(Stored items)
____

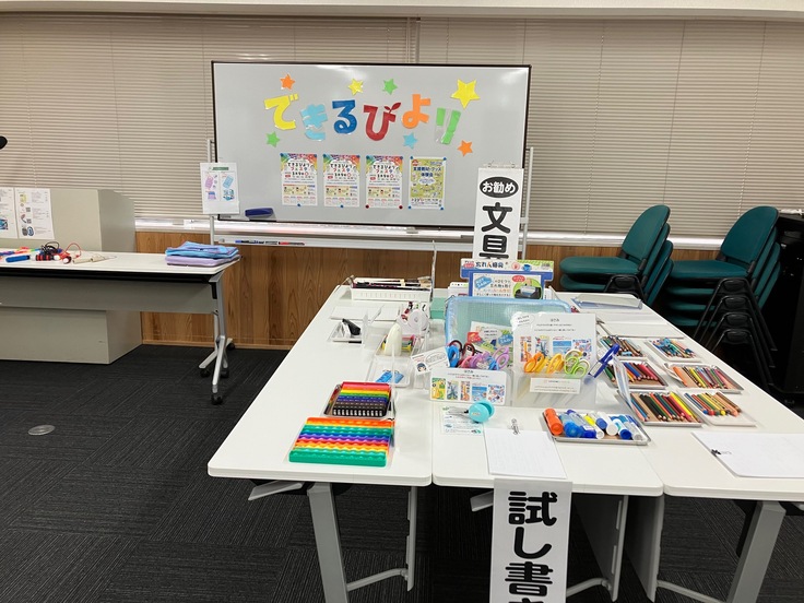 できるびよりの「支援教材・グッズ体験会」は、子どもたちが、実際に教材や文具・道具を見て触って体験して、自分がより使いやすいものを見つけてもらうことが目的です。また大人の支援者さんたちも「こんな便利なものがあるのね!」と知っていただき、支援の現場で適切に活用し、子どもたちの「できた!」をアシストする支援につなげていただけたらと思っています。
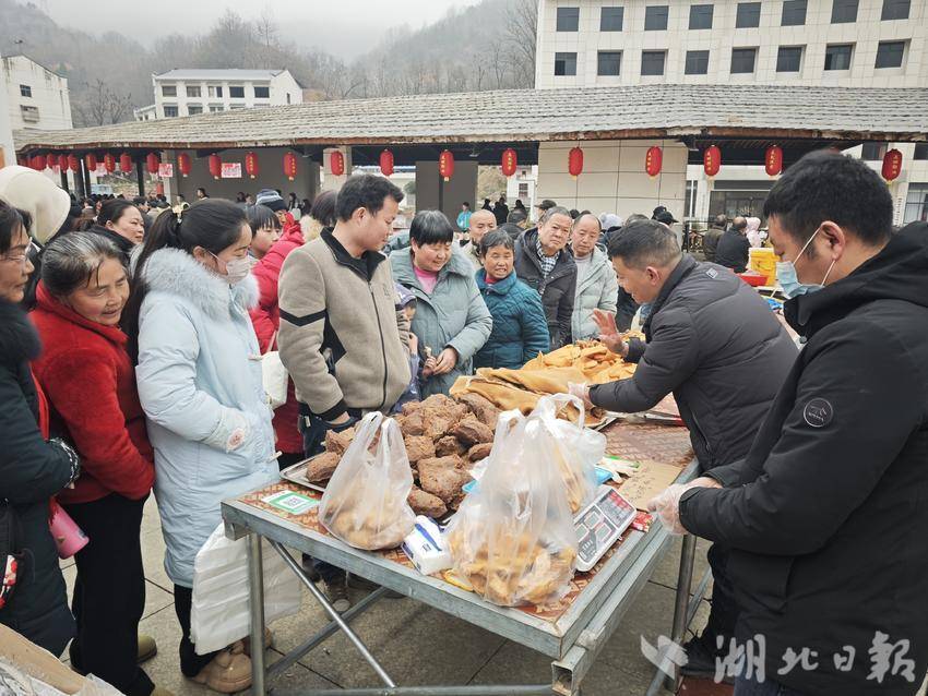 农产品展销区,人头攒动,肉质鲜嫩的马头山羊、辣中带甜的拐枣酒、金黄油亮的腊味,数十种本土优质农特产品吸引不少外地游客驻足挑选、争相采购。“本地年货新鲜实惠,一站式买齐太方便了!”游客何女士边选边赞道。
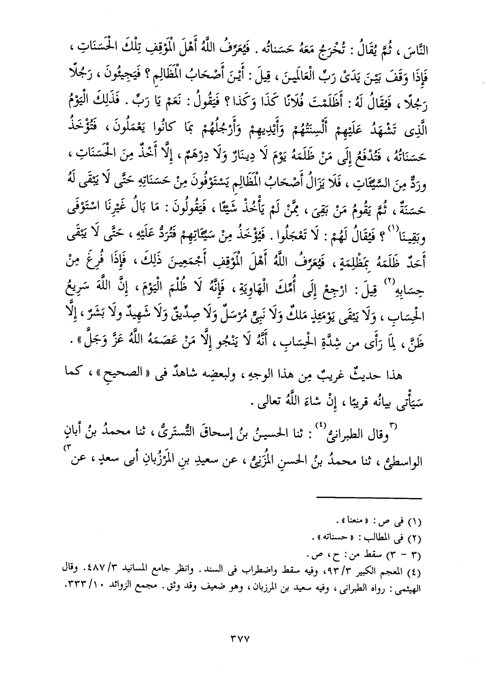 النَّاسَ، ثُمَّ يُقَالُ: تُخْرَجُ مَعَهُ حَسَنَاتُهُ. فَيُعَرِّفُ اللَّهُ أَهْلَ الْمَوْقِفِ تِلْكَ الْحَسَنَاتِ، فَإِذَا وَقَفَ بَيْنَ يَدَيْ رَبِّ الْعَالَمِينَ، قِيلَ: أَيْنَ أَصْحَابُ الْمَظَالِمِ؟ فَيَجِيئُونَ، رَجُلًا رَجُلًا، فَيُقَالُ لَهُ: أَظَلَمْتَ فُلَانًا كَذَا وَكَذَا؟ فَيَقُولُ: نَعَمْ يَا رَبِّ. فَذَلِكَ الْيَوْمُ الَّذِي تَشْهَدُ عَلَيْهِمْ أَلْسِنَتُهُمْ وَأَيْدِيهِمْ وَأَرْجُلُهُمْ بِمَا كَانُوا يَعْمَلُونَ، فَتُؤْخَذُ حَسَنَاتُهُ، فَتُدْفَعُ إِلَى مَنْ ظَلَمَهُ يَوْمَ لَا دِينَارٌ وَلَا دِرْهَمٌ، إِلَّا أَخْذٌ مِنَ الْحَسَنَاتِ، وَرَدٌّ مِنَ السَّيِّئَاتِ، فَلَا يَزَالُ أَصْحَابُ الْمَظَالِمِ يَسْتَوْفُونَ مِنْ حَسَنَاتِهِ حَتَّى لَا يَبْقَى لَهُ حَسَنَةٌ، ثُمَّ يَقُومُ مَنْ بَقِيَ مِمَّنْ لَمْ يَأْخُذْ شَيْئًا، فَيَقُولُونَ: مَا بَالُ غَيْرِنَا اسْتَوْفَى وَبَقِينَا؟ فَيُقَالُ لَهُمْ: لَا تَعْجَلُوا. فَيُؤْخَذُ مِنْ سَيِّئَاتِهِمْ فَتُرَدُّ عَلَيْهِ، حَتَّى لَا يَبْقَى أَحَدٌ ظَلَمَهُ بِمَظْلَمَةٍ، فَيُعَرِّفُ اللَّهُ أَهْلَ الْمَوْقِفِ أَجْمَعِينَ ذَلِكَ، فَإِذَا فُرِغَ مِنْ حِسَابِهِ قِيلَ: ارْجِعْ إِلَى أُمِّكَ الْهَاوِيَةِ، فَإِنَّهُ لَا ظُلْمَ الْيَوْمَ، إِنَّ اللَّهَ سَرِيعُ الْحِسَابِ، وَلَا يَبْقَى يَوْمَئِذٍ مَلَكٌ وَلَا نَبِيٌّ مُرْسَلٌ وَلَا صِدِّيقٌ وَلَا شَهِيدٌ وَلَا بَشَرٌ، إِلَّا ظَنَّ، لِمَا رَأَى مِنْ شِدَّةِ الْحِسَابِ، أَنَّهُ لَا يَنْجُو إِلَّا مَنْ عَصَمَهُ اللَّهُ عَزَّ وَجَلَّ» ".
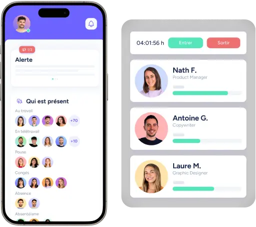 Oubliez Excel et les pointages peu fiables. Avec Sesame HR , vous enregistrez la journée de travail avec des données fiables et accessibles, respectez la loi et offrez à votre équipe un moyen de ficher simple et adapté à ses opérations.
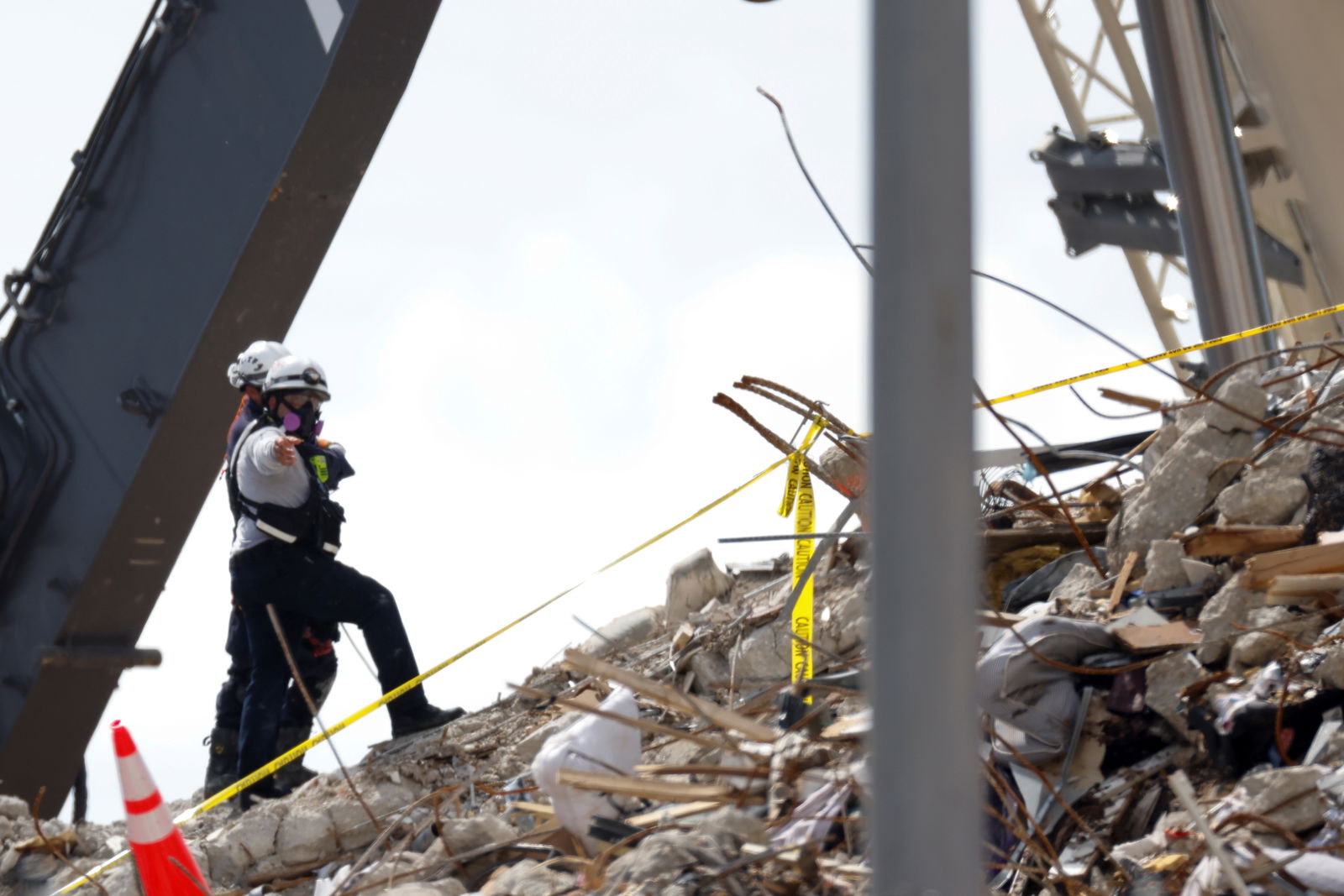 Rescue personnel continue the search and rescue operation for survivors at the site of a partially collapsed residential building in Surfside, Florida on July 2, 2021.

____

WHAT YOU WILL DO :: Each entry should be copied exactly as written, though any pictures stay out.

COMPLETED TASK ::
 できるびよりの「支援教材・グッズ体験会」は、子どもたちが、実際に教材や文具・道具を見て触って体験して、自分がより使いやすいものを見つけてもらうことが目的です。また大人の支援者さんたちも「こんな便利なものがあるのね!」と知っていただき、支援の現場で適切に活用し、子どもたちの「できた!」をアシストする支援につなげていただけたらと思っています。
 农产品展销区,人头攒动,肉质鲜嫩的马头山羊、辣中带甜的拐枣酒、金黄油亮的腊味,数十种本土优质农特产品吸引不少外地游客驻足挑选、争相采购。“本地年货新鲜实惠,一站式买齐太方便了!”游客何女士边选边赞道。
 النَّاسَ، ثُمَّ يُقَالُ: تُخْرَجُ مَعَهُ حَسَنَاتُهُ. فَيُعَرِّفُ اللَّهُ أَهْلَ الْمَوْقِفِ تِلْكَ الْحَسَنَاتِ، فَإِذَا وَقَفَ بَيْنَ يَدَيْ رَبِّ الْعَالَمِينَ، قِيلَ: أَيْنَ أَصْحَابُ الْمَظَالِمِ؟ فَيَجِيئُونَ، رَجُلًا رَجُلًا، فَيُقَالُ لَهُ: أَظَلَمْتَ فُلَانًا كَذَا وَكَذَا؟ فَيَقُولُ: نَعَمْ يَا رَبِّ. فَذَلِكَ الْيَوْمُ الَّذِي تَشْهَدُ عَلَيْهِمْ أَلْسِنَتُهُمْ وَأَيْدِيهِمْ وَأَرْجُلُهُمْ بِمَا كَانُوا يَعْمَلُونَ، فَتُؤْخَذُ حَسَنَاتُهُ، فَتُدْفَعُ إِلَى مَنْ ظَلَمَهُ يَوْمَ لَا دِينَارٌ وَلَا دِرْهَمٌ، إِلَّا أَخْذٌ مِنَ الْحَسَنَاتِ، وَرَدٌّ مِنَ السَّيِّئَاتِ، فَلَا يَزَالُ أَصْحَابُ الْمَظَالِمِ يَسْتَوْفُونَ مِنْ حَسَنَاتِهِ حَتَّى لَا يَبْقَى لَهُ حَسَنَةٌ، ثُمَّ يَقُومُ مَنْ بَقِيَ مِمَّنْ لَمْ يَأْخُذْ شَيْئًا، فَيَقُولُونَ: مَا بَالُ غَيْرِنَا اسْتَوْفَى وَبَقِينَا؟ فَيُقَالُ لَهُمْ: لَا تَعْجَلُوا. فَيُؤْخَذُ مِنْ سَيِّئَاتِهِمْ فَتُرَدُّ عَلَيْهِ، حَتَّى لَا يَبْقَى أَحَدٌ ظَلَمَهُ بِمَظْلَمَةٍ، فَيُعَرِّفُ اللَّهُ أَهْلَ الْمَوْقِفِ أَجْمَعِينَ ذَلِكَ، فَإِذَا فُرِغَ مِنْ حِسَابِهِ قِيلَ: ارْجِعْ إِلَى أُمِّكَ الْهَاوِيَةِ، فَإِنَّهُ لَا ظُلْمَ الْيَوْمَ، إِنَّ اللَّهَ سَرِيعُ الْحِسَابِ، وَلَا يَبْقَى يَوْمَئِذٍ مَلَكٌ وَلَا نَبِيٌّ مُرْسَلٌ وَلَا صِدِّيقٌ وَلَا شَهِيدٌ وَلَا بَشَرٌ، إِلَّا ظَنَّ، لِمَا رَأَى مِنْ شِدَّةِ الْحِسَابِ، أَنَّهُ لَا يَنْجُو إِلَّا مَنْ عَصَمَهُ اللَّهُ عَزَّ وَجَلَّ» ".
 Oubliez Excel et les pointages peu fiables. Avec Sesame HR , vous enregistrez la journée de travail avec des données fiables et accessibles, respectez la loi et offrez à votre équipe un moyen de ficher simple et adapté à ses opérations.
 Rescue personnel continue the search and rescue operation for survivors at the site of a partially collapsed residential building in Surfside, Florida on July 2, 2021.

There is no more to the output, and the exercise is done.